*** EXERCISE INPUT ***

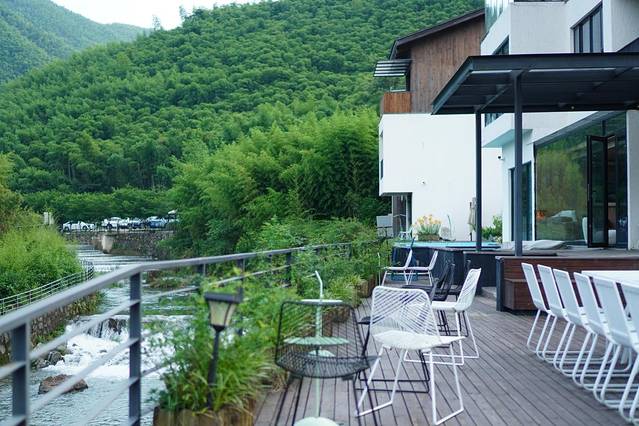 院子里的无边泳池和亲水平台也是听涧的特色,无论是点一杯咖啡坐在溪水边度过慵懒的午后,还是换身清凉的装扮,在泳池里畅游,但很惬意。趴在无边泳池上,溪水从身边穿过,远远望去,丛林山野
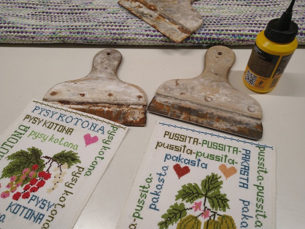 Pysy kotona -pistelyni oli ET-lehdessä ripustettuna hauskasti vanhaan housuhenkariin. Keräsinkin kaapista vapaat, omat vastaavat henkarit ripustuskäyttöä varten. Laitoin kuitenkin Pysy kotona – pistelyni kiinni vanhaan laastilastaan. Olen ostanut nipun noita käytettyjä lastoja kirpparilta, kun ne ovat mielestäni niin kauniita ja mielikuvitusta inspiroivia. Kauniita, kuten kaikki vanhat työkalut, joista näkyy ajan kuluminen ja käytön jäljet. Tekemisen meininkiä.
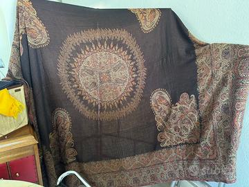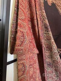 La lana cashmere è nota per la sua estrema morbidezza e qualità, il che suggerisce che questo panno non solo è un pezzo decorativo, ma potrebbe anche essere usato per il suo confort e calore come grande plaid . La frangia sul bordo inferiore aggiunge un tocco finale tradizionale, comune nei tessuti di alta qualità.
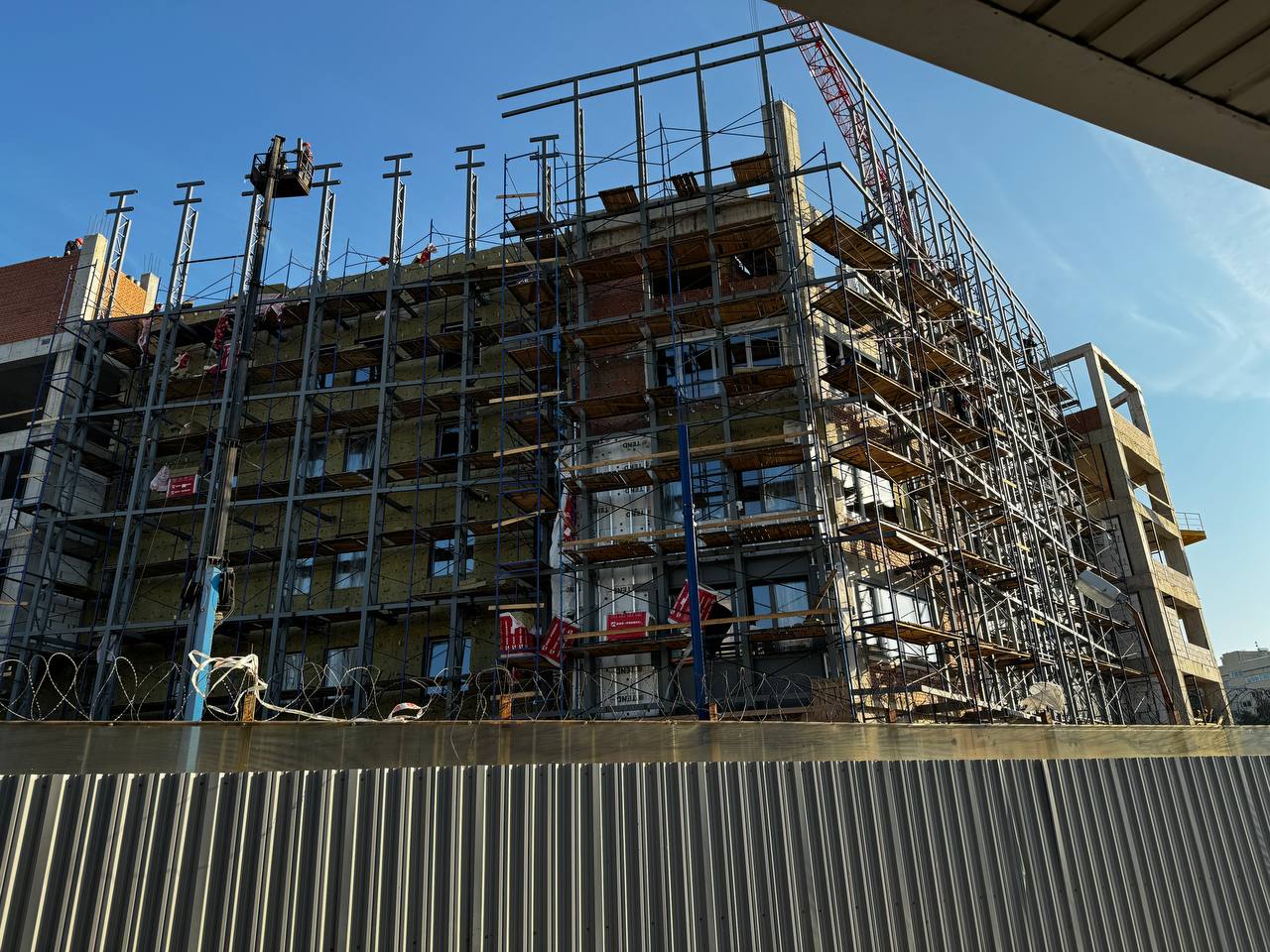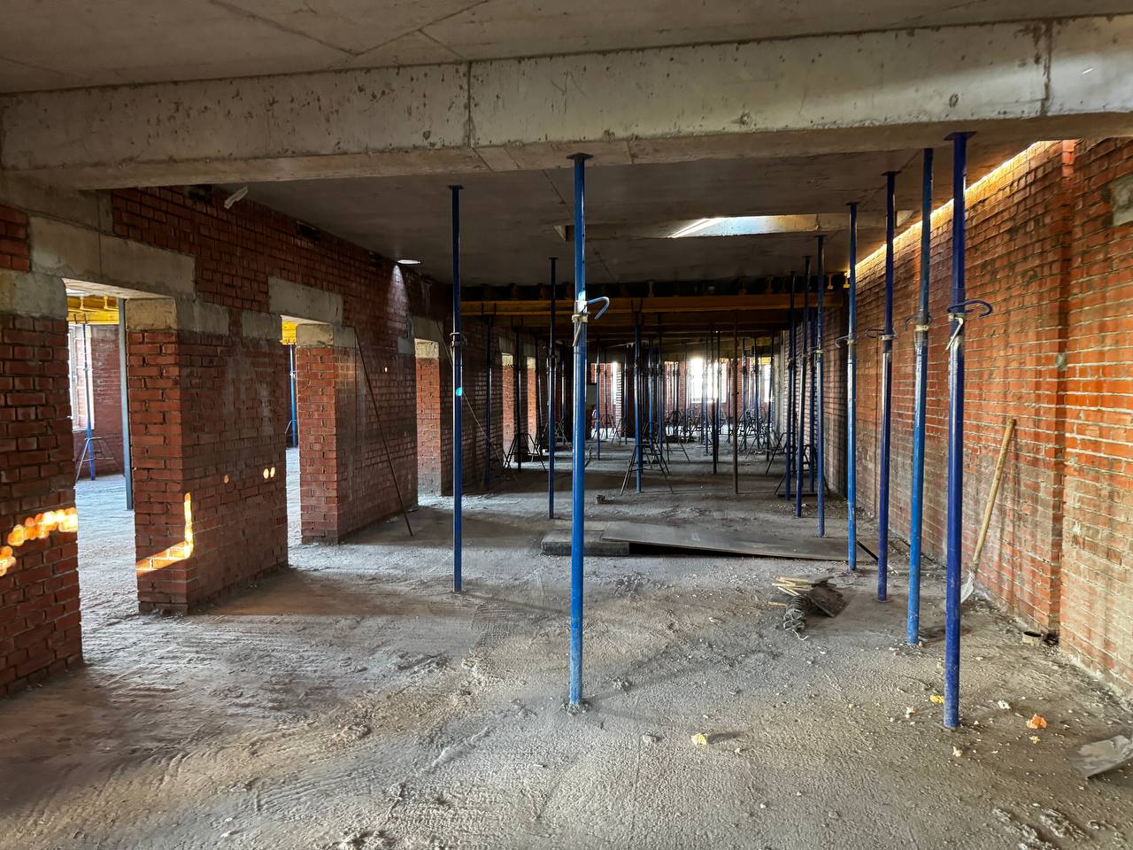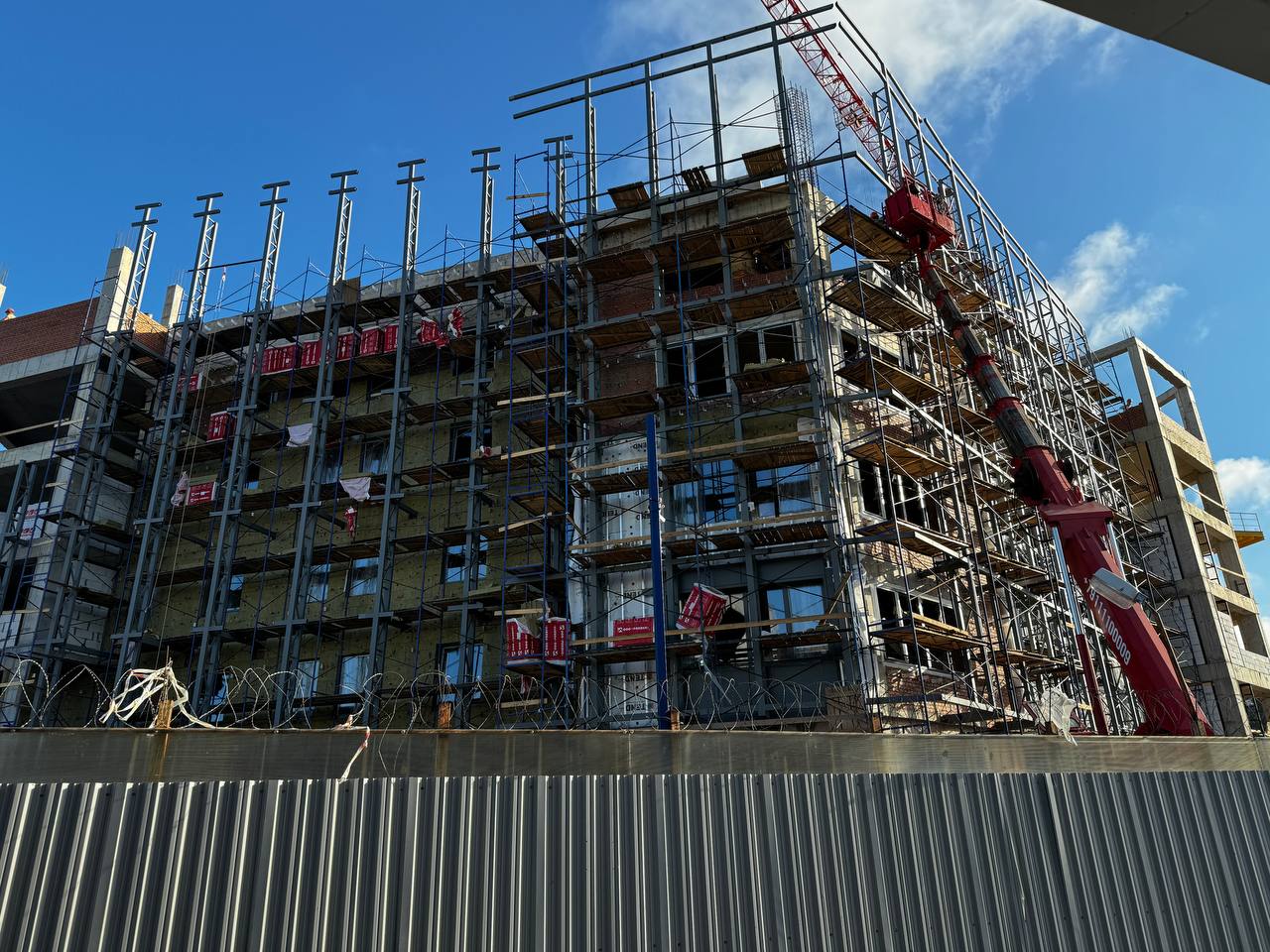 Стены здания достигли верхнего перекрытия 5 этажа, часть этого перекрытия уже забетонирована, а остающаяся часть армируется.
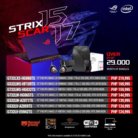 | ROG Strix Scar 15 | G532LW-AZ071TS | 15″ FHD IPS 240HZ / i7-10875H / 16GB RAM 2TB PCIE SSD (Raid 0) / RTX 2070 8GD6 | 139,995 | ROG Gladius 2 Mouse, ROG Eye C21 Webcam, ROG Backpack, Office Home & Student 2019 |
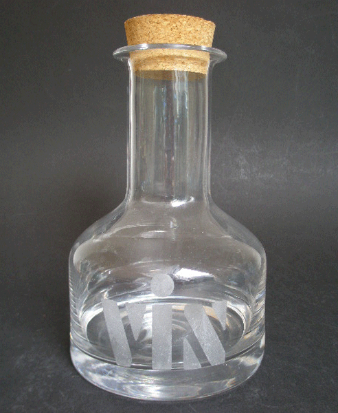Here is a Dartington clear glass wine carafe designed by Frank Thrower in 1971 and nick-named the -follow the vin decanter. It has VIN etched to the front in large letters and has its original cork stopper. This has a very heavy base and is in a thick lead crystal glass. Great retro piece for serving wine at the table.
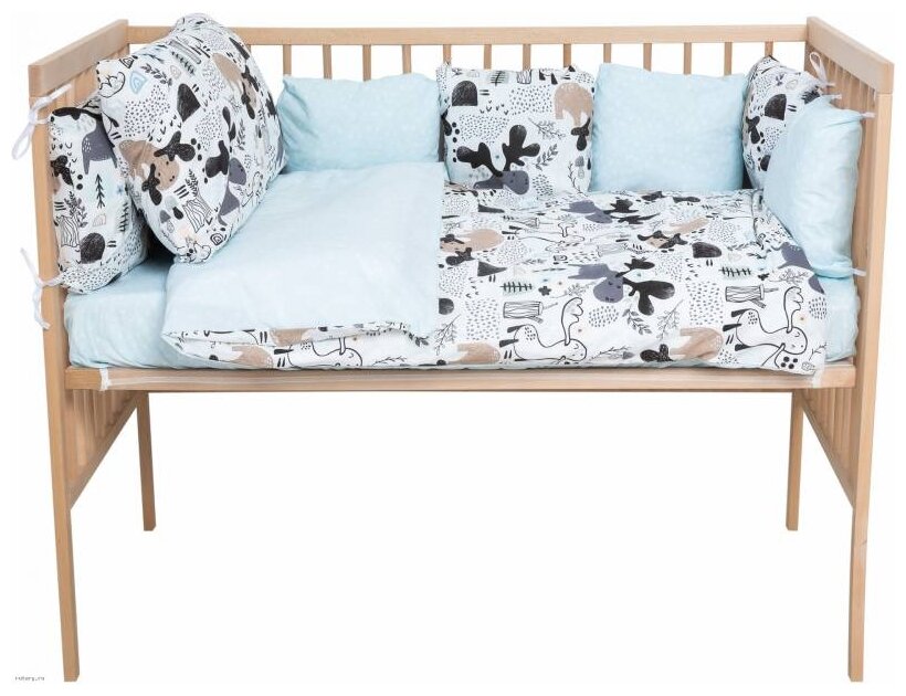 | Комплектация | пододеяльник на молнии 1 шт, наволочка 1 шт, простыня на резинке 1 шт, подушки-бортики на завязках со съемными наволочками 30х30 см 12 шт, валик 60х10 см 2 шт |
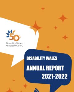 Disability Wales 2021-22 annual report front cover which has the DW 50th anniversary logo in a white speech bubble and the words Disability Wales annual report 2021-2022 in white text in a blue speech bubble. The organisation's trademark orange/gold colour fills the rest of the page.
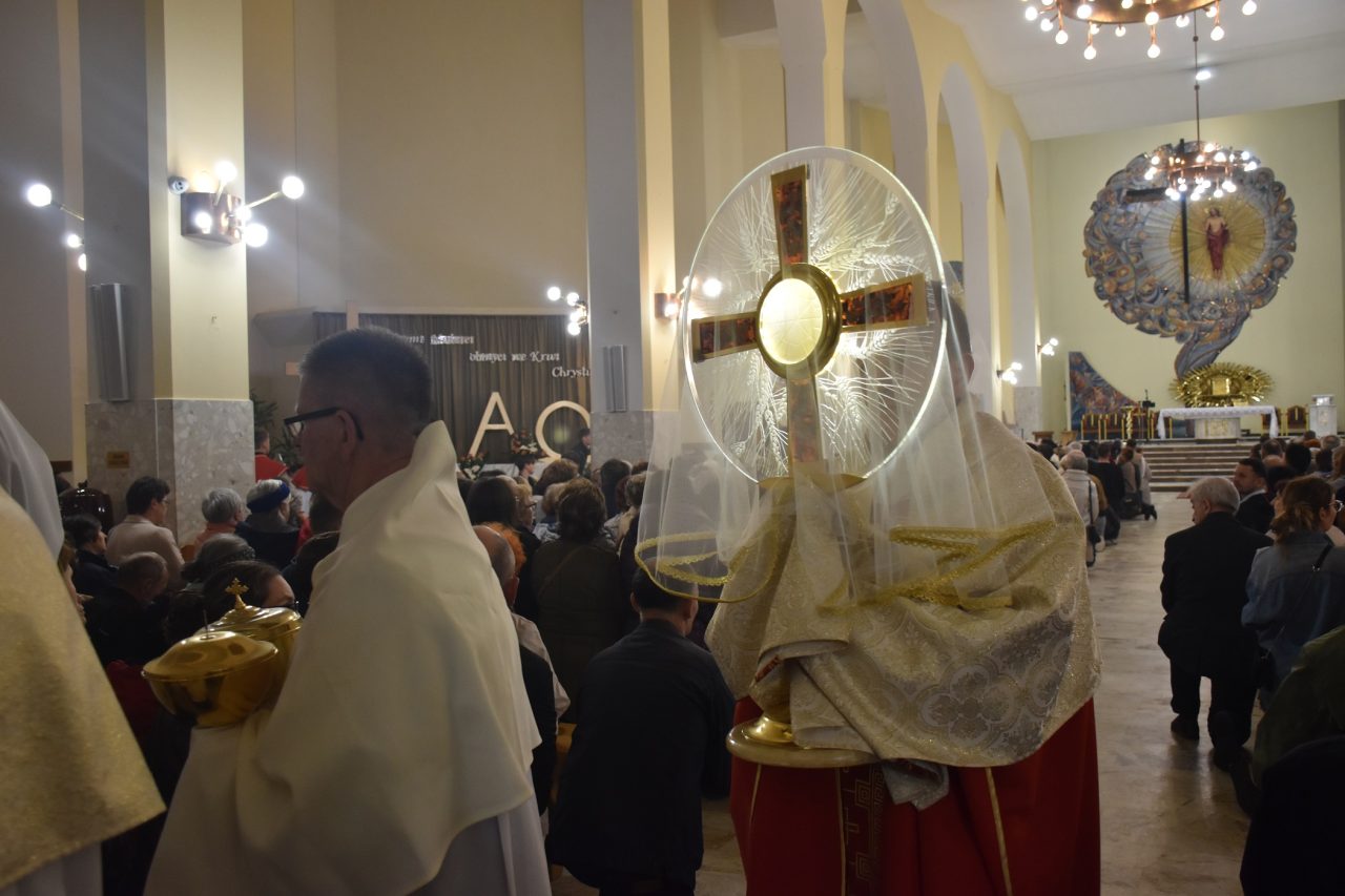 W dalszej części liturgii, z kaplicy zwanej „Ciemnicą”, został przeniesiony Najświętszy Sakrament i udzielona wiernym Komunia święta.

***

• **WORK ITEM**:
All of the records above should be returned exactly, though the pictures should not.

• **PROBLEM SOLUTION**:
 院子里的无边泳池和亲水平台也是听涧的特色,无论是点一杯咖啡坐在溪水边度过慵懒的午后,还是换身清凉的装扮,在泳池里畅游,但很惬意。趴在无边泳池上,溪水从身边穿过,远远望去,丛林山野
 Pysy kotona -pistelyni oli ET-lehdessä ripustettuna hauskasti vanhaan housuhenkariin. Keräsinkin kaapista vapaat, omat vastaavat henkarit ripustuskäyttöä varten. Laitoin kuitenkin Pysy kotona – pistelyni kiinni vanhaan laastilastaan. Olen ostanut nipun noita käytettyjä lastoja kirpparilta, kun ne ovat mielestäni niin kauniita ja mielikuvitusta inspiroivia. Kauniita, kuten kaikki vanhat työkalut, joista näkyy ajan kuluminen ja käytön jäljet. Tekemisen meininkiä.
 La lana cashmere è nota per la sua estrema morbidezza e qualità, il che suggerisce che questo panno non solo è un pezzo decorativo, ma potrebbe anche essere usato per il suo confort e calore come grande plaid . La frangia sul bordo inferiore aggiunge un tocco finale tradizionale, comune nei tessuti di alta qualità.
 Стены здания достигли верхнего перекрытия 5 этажа, часть этого перекрытия уже забетонирована, а остающаяся часть армируется.
 | ROG Strix Scar 15 | G532LW-AZ071TS | 15″ FHD IPS 240HZ / i7-10875H / 16GB RAM 2TB PCIE SSD (Raid 0) / RTX 2070 8GD6 | 139,995 | ROG Gladius 2 Mouse, ROG Eye C21 Webcam, ROG Backpack, Office Home & Student 2019 |
Here is a Dartington clear glass wine carafe designed by Frank Thrower in 1971 and nick-named the -follow the vin decanter. It has VIN etched to the front in large letters and has its original cork stopper. This has a very heavy base and is in a thick lead crystal glass. Great retro piece for serving wine at the table.
 | Комплектация | пододеяльник на молнии 1 шт, наволочка 1 шт, простыня на резинке 1 шт, подушки-бортики на завязках со съемными наволочками 30х30 см 12 шт, валик 60х10 см 2 шт |
 Disability Wales 2021-22 annual report front cover which has the DW 50th anniversary logo in a white speech bubble and the words Disability Wales annual report 2021-2022 in white text in a blue speech bubble. The organisation's trademark orange/gold colour fills the rest of the page.
 W dalszej części liturgii, z kaplicy zwanej „Ciemnicą”, został przeniesiony Najświętszy Sakrament i udzielona wiernym Komunia święta.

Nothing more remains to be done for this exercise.